Studio album by Mummy Calls
- Released: 1986
- Recorded: 1985
- Genre: Pop rock, new wave
- Label: Geffen
- Producer: Hugh Padgham, John Luongo

= Mummy Calls (album) =

Mummy Calls is the debut album released by British band Mummy Calls, released in 1986. Two singles were issued from the album, "Let's Go" and "Beauty Has Her Way". The latter single was used in the film The Lost Boys and also appears on that film's soundtrack.

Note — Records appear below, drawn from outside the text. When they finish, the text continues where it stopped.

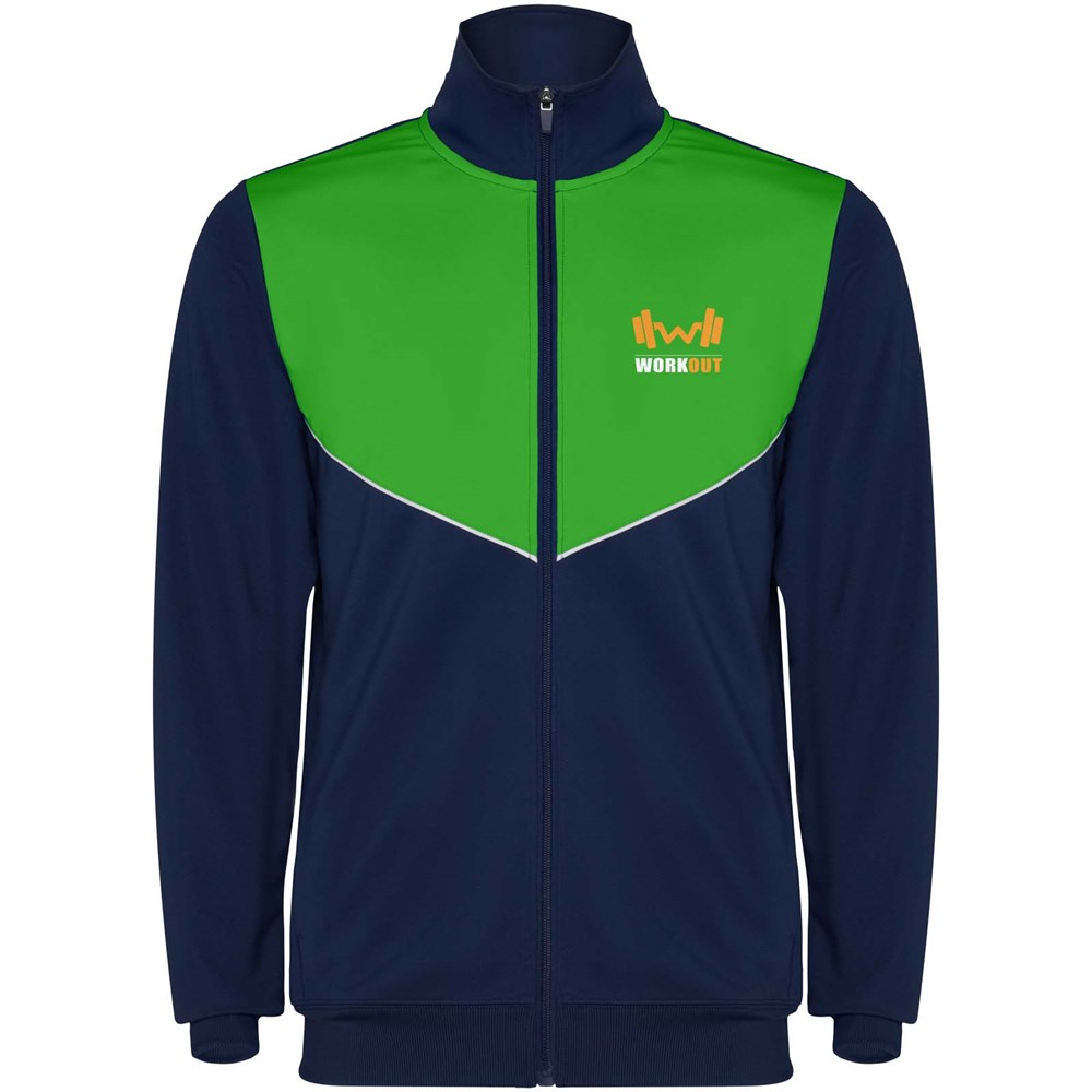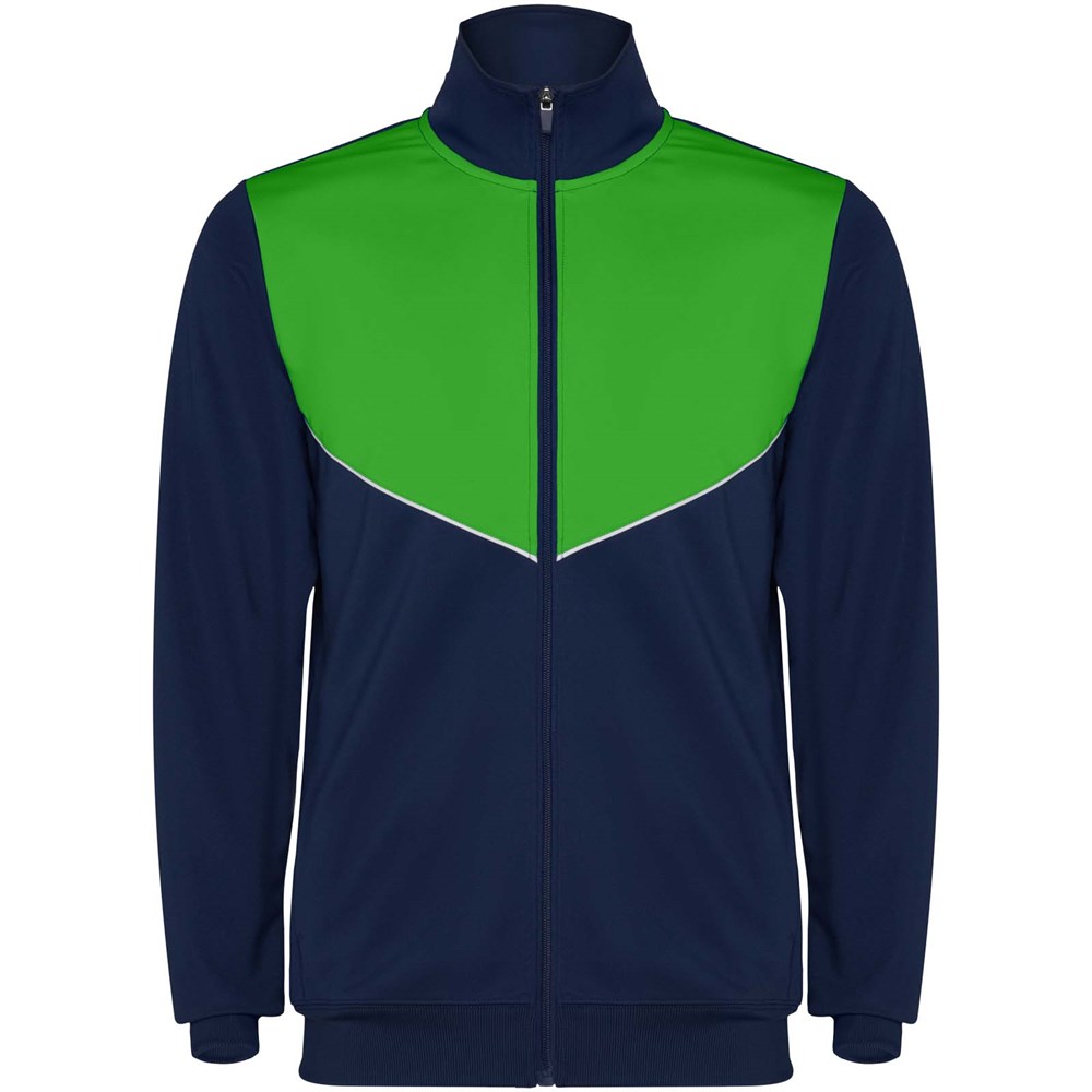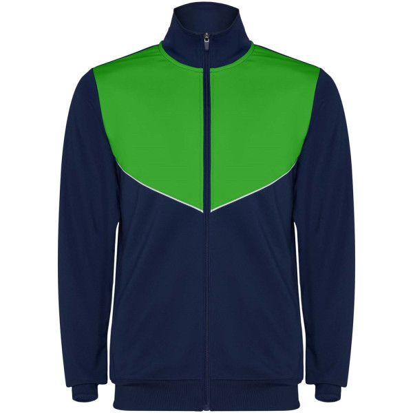 Survêtement en tissu léger et élastique. Veste avec couleur contrastée et finitions cousues sur la poitrine. Col montant avec coutures contrastées. Fermeture à glissière centrale sur le devant. Poches latérales. Poignets et taille côtelés 2x2. Pantalon avec ceinture élastique et cordon de serrage. Pièce latérale contrastée avec finition cousue. Ourlet zippé.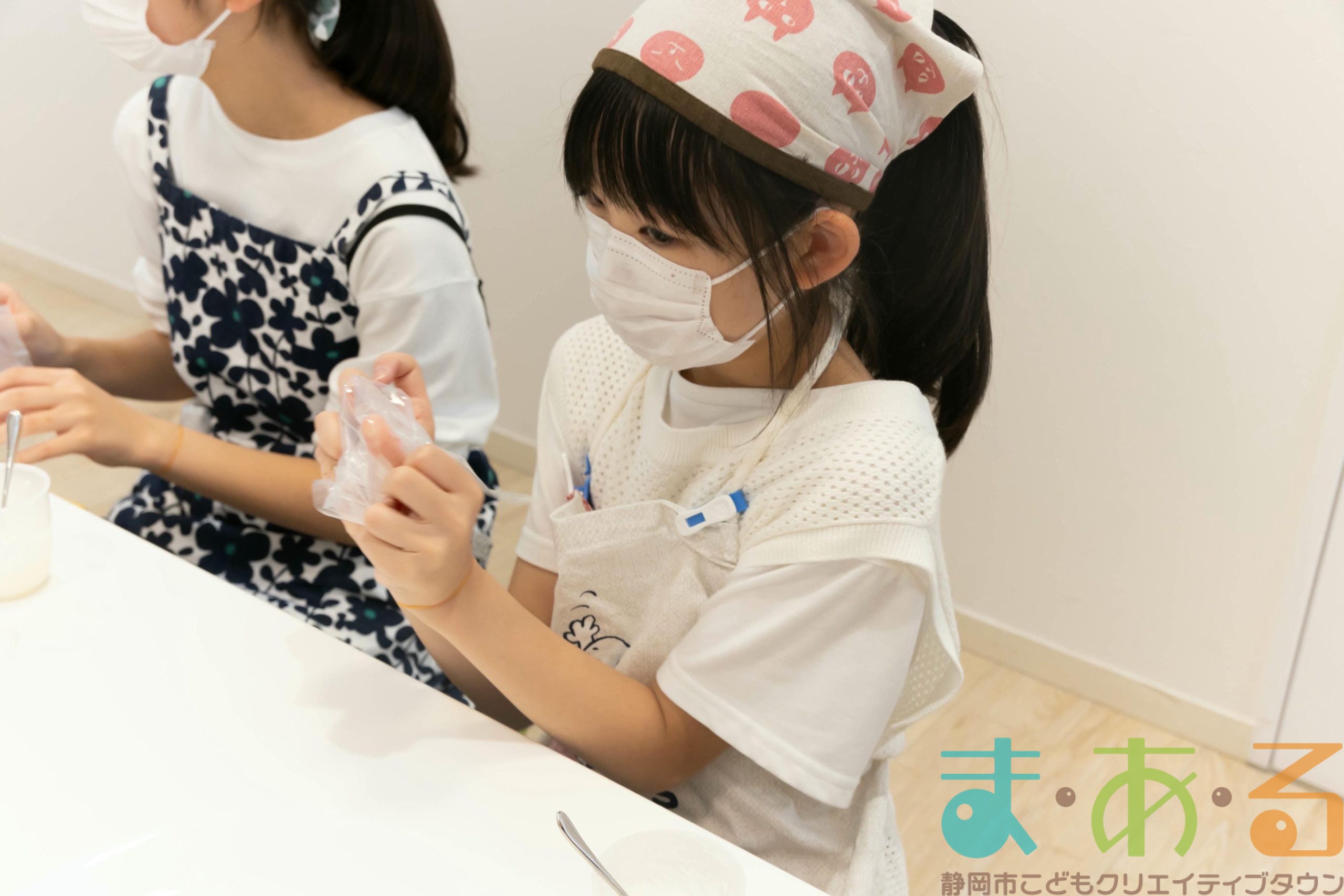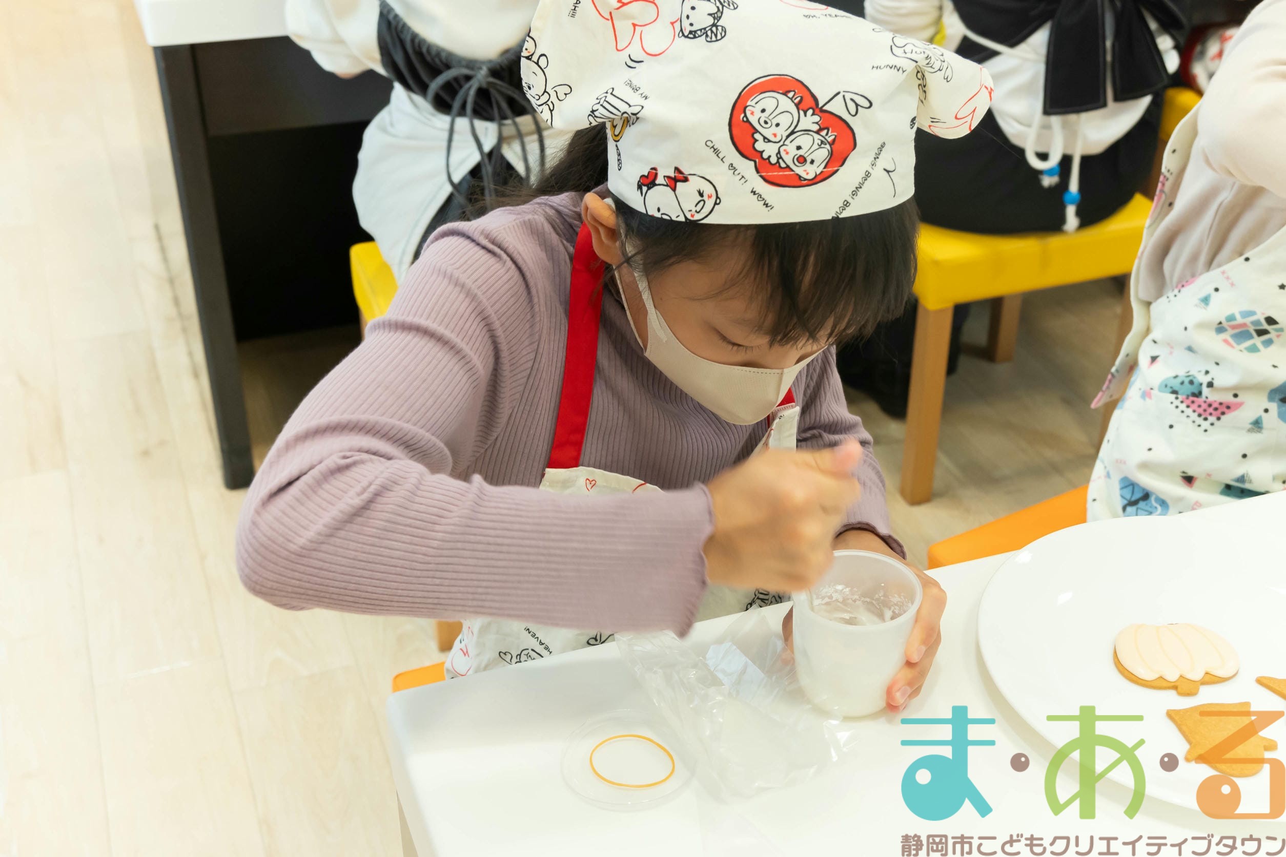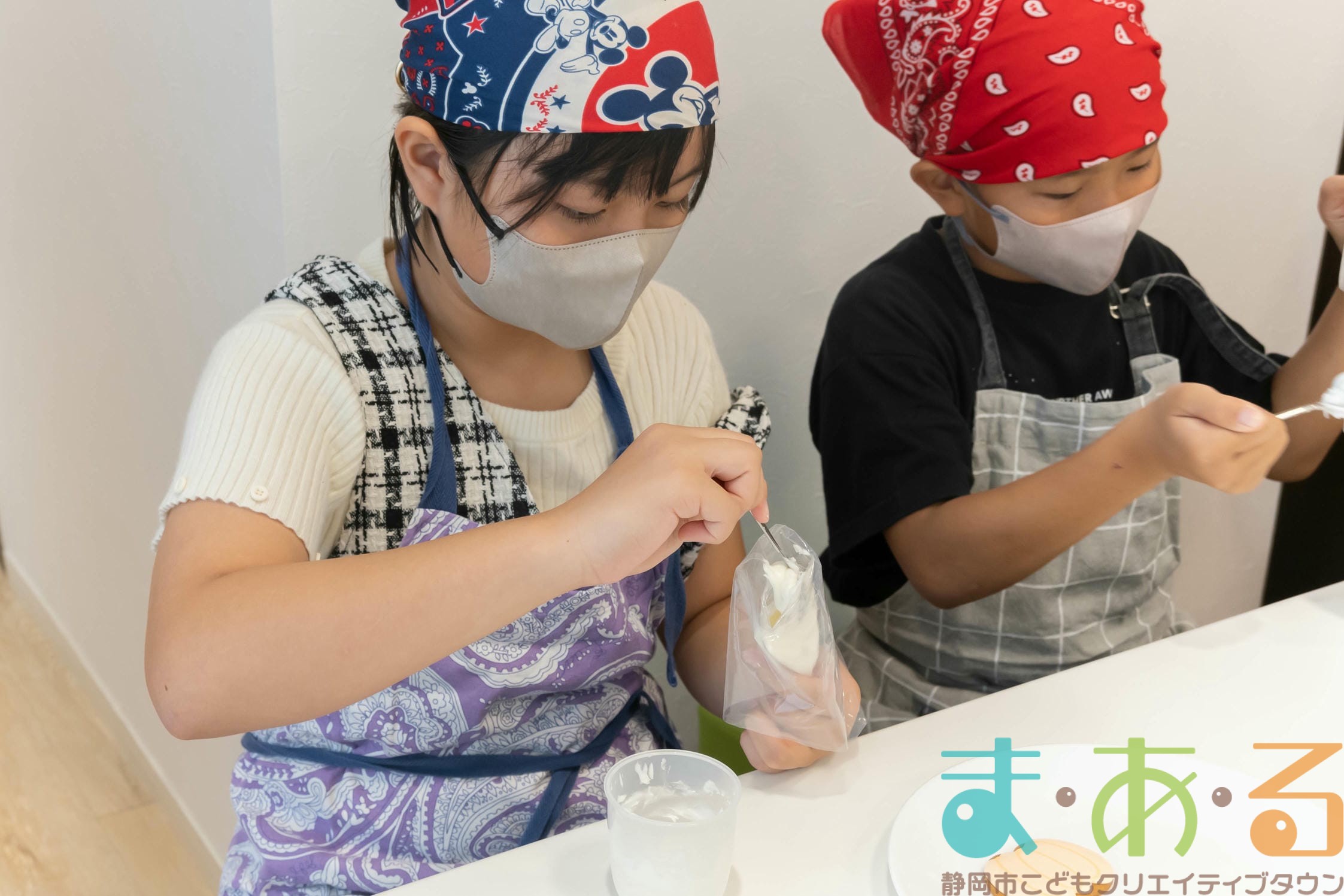 クリームが固い子にはレモン汁、やわらかい子には粉砂糖を加え先生が固さを調整してくれました。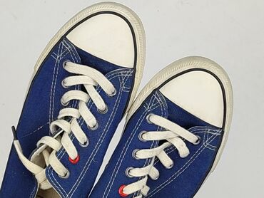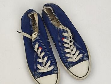 Trampki damskie high-top, granatowe - Model: klasyczne trampki za kostkę - Rozmiar: 38 (oznaczenie na podeszwie) - Cholewka: materiał tekstylny w kolorze granatowym - Sznurowanie: białe, klasyczne...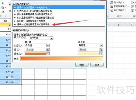 在新建格式规则窗口中,选择使用公式确定要设置格式的单元格选项,所示。
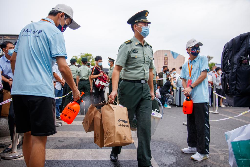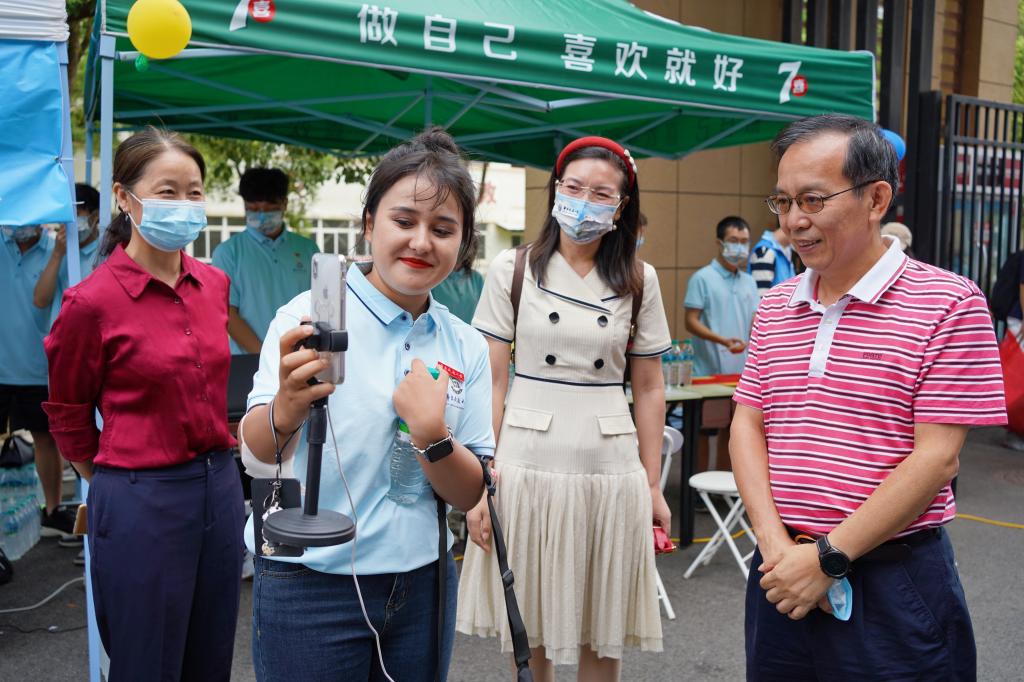 迎新期间,师生们不辞辛劳,用心布置迎新场地、整理学生资料,事无巨细地处理着新生入学大小事务,只为让同学们在入校时能感到如家般的温暖。正拿着手机直播的新疆姑娘沙依拉·地力夏提,是学校今年新入职的辅导员,她告诉记者,“今年因为疫情防控的原因,家长不能陪伴孩子入校,我想通过直播的方式给家长展示迎新现场,让他们放心更安心。”此外,本次迎新还巧妙融合了思政元素。青春快闪、乐器合鸣、主题宣讲、故事分享......9月4日上午,在迎新现场,华交学子激情上演青春快闪,通过“唱”“演”“讲”等形式,向党和祖国深情告白,抒发爱国奋斗之志,以昂扬向上的精神面貌开启新学期。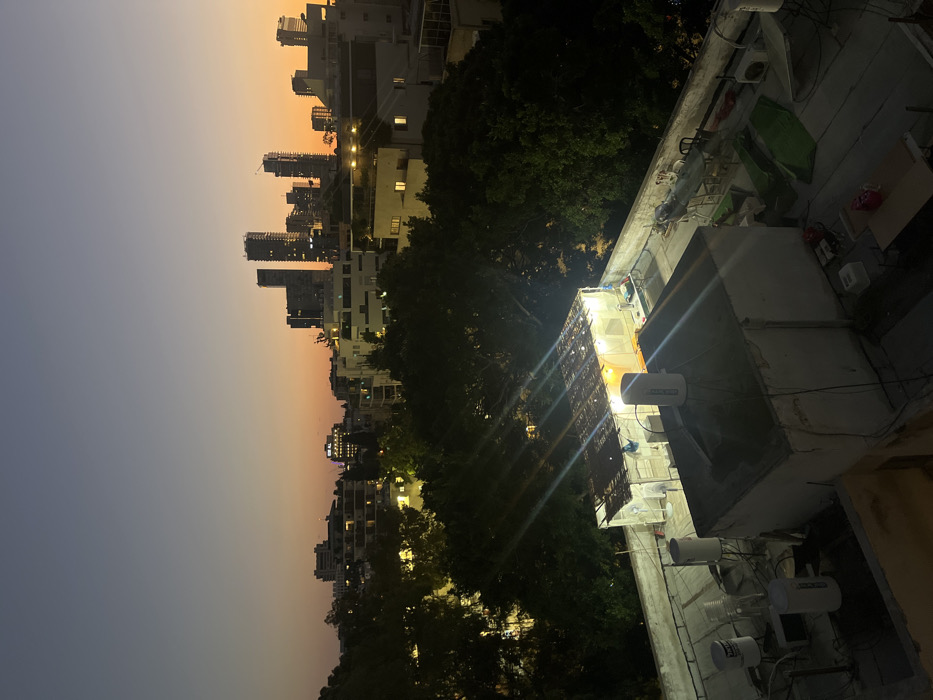 An elevated, static wide-angle shot captures a Tel Aviv urban landscape at sunset, transitioning into dusk. The sky transitions from a deep indigo at the zenith to vibrant orange, yellow, and pink hues at the horizon line. In the immediate foreground, a series of flat concrete rooftops are visible. On a prominent lower rooftop, a temporary, rectangular structure, likely a sukkah, is erected. It features translucent, light-colored fabric walls and a slatted or mesh roof, with interior artificial lighting emitting visible rays. Adjacent to this structure, a white cylindrical water heater/tank stands prominently. Further on the same rooftop, a table with chairs, some draped with green coverings, and miscellaneous objects are situated. Other rooftops display additional white cylindrical water heaters/tanks and air conditioning units. The midground is dominated by a dense canopy of dark green trees, obscuring the lower portions of urban buildings. Scattered artificial lights from various windows and possibly streetlights are visible amongst the foliage and partially obscured multi-story buildings. The background reveals the distant Tel Aviv city skyline, characterized by a cluster of modern high-rise buildings, several of which appear to be under construction with visible structural elements or scaffolding. Numerous windows within these towers are illuminated. No individuals are discernible anywhere in the scene. The overall environment is an urban setting, observed during the twilight hours.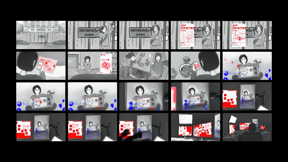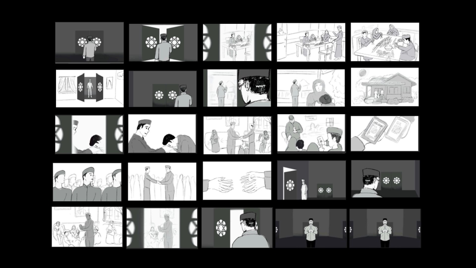 - • Animatic Sederhana: Panel storyboard yang disusun menjadi video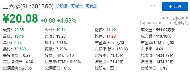 4月4日晚间,三六零(601360.SH)公告,公司实际控制人、董事长周鸿祎与胡欢经友好协商,已办理解除婚姻关系手续,根据周鸿祎与胡欢签订的《离婚协议书》,周鸿祎拟将其直接持有的公司4.47亿股(446,585,200股)股份分割至胡欢名下,约占三六零总股本的6.25%,以三六零4月4日收市价20.08元计,上述股权市值约89.67亿元。
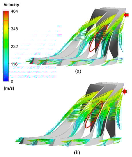 The SM value decreased by 2% in the wet compression compared to the dry compression. In general, the surge phenomenon occurs at a low flow rate point and occurs in the impeller and diffuser regions, causing an instability in the flow. Accordingly, the droplet motion changes the flow inside the impeller to reduce SM. Figure 15 shows the leakage flow occurring at the top of the tip clearance (red arrow) near the surge point. In the case of (a) dry compression, a few parts of the leakage flow generated from the top of the shroud went to the adjacent blade, but in the case of (b) wet compression, it can be noted that a large amount of the leakage flow generated from the top moved to the adjacent blade and formed a blockage (red circle). As a result, in wet compression, there is relatively more leakage flow that does not flow downstream and is stagnant.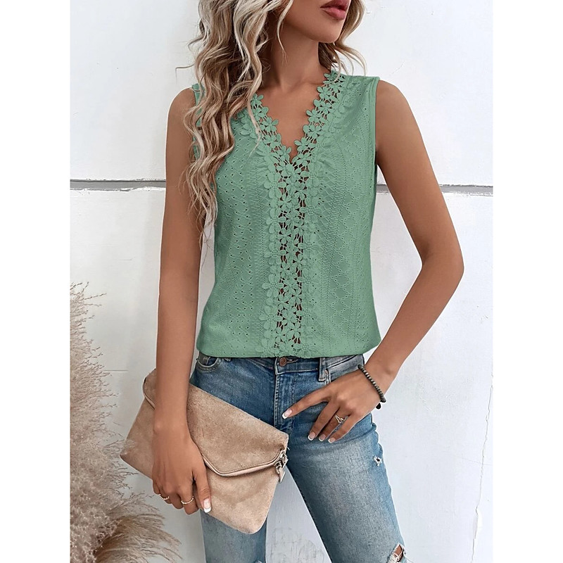 Women's White Elegant Lace Tops Eyelet Blouse Sexy Sleeveless Flora...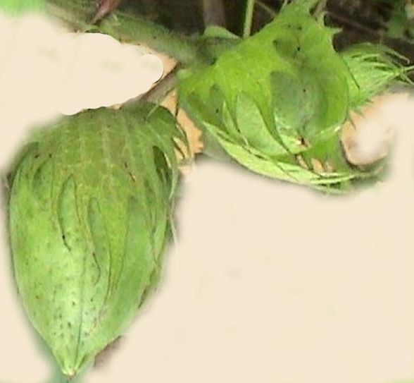 솜꽃 | 다래가 익어서(재래종 30일 육지면 43일) 갈색으로 변하고 서서히 벌어지면서 목화 솜이 보입니다. 관상용으로 두면 겨울에도 솜을 볼수 있습니다 |

The band split shortly after the release of their debut.

==Track listing==
1. "Kiss Me" (Alan Bint, Paul Brook, David Banks)
2. "Sexual Desire" (Bint, Brook, Banks)
3. "We Will" (Bint, Banks)
4. "Let's Go" (Banks)
5. "Beauty Has Her Way" (Brook, Banks)
6. "Deadly Night" (Brook, Banks)
7. "Chestnut Tree" (Banks)
8. "In the Darkness" (Brook, Banks)
9. "Message on My Door" (Banks)
10. "Jane I'll Kiss You in the Desert" (Banks)

== Personnel ==
- David Banks - vocals
- Alan Bint - keyboards
- Andrew Hingley - bass
- Paul Howard - saxophone
- Paul Brook - drums
- Management: Brian Lane

===Additional musicians===
- David Rhodes - guitar on "Kiss Me", "Sexual Desire", "We Will" and "Deadly Night"
- Linda Taylor - backing vocals
- Tessa Niles - backing vocals
- Helena - backing vocals
- Ester Benjamin - backing vocals
- Kayley Stephenson - backing vocals
- Billy Hamilton - backing vocals
- Elisa Richards - backing vocals

== Production credits ==
- Producer - John Luongo ("Kiss Me", "Sexual Desire", "We Will", "Let's Go" & "Deadly Night")
- Producer - Hugh Padgham ("Beauty Has Her Way", "Chestnut Tree", "In the Darkness", "Message on My Door" & "Jane I'll Kiss You in the Desert")
- Mixed by Julian Mendelsohn & John Luongo
- Engineered by Gary Helman, Hugh Padgham & Alan Douglas
- Assistant engineers: Croydon, Renny, Spike, Martin & Paul
- Recorded at The Townhouse Studios & Sarm West Studios, London
- DMM Direct Metal Mastering
- Band technician: Richard

===Additional credits===
- Art direction: Jeri McManus
- Design: Kim Champagne
- Front cover art: Lori Lobstoeter
- Special thanks to Rovena Cardiel
- All songs copyrighted 1986, by Chappell & Co. Ltd.